The Securities and Exchange Board of India (SEBI) has tightened the norms for disclosures with respect to resignation of auditors.
While the regulator has directed auditors to complete the limited review or audit before resigning in an abrupt manner, it has also put higher onus on the audit committees of listed companies especially in instances wherein auditors face issues like non-availability of information from companies or non-cooperation of the company management.
This assumes significance as the recent past has seen many instances of auditors resigning in an abrupt manner citing reasons like companies not sharing material information despite repeated attempts to get the information.
The regulator has stated that if the auditor has any concerns related to non-availability of information or non-cooperation by the management, it can directly approach the chairman of the audit committee who will have to receive the concerns without waiting for the quarterly audit committee meetings.

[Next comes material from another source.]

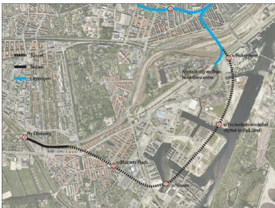
Stationsplaceringer jf. Principaftale om metro til Ny Ellebjerg via Sydhavnen samt udvikling af Nordhavnen.

I henhold til aftalen etableres en metro til Ny Ellebjerg via Sydhavnen med 5 stationer: v/Fisketorvet, v/Frederiksholmsløbet, v/Slusen, Mozarts Plads og Ny Ellebjerg Station. Stationerne etableres som traditionelle dybe stationer, bortset fra metrostationen ved Ny Ellebjerg, der etableres i terræn. Stationsplaceringer og linjeføring fremgår af nedenstående oversigtskort. Udformningen af metro til Ny Ellebjerg via Sydhavn er baseret på rapporten "Udredning af metro til Ny Ellebjerg via Sydhavnen", der er udarbejdet af Metroselskabet i juni 2013.

“On receipt of such information from the auditor relating to the proposal to resign… the Audit Committee/board of directors, as the case may be, shall deliberate on the matter and communicate its views to the management and the auditor,” stated the SEBI circular. Further, the audit committee has been mandated to deliberate on the resignation as soon as possible and communicate its views to the management. The company, thereafter, will have to disclose the audit committee’s views to the stock exchanges within 24 hours of the committee meeting.
On the part of the auditor, the regulator has said that if the audit firm resigns within 45 days from the end of a quarter, then a limited review/audit report for such quarter has to be issued before resignation.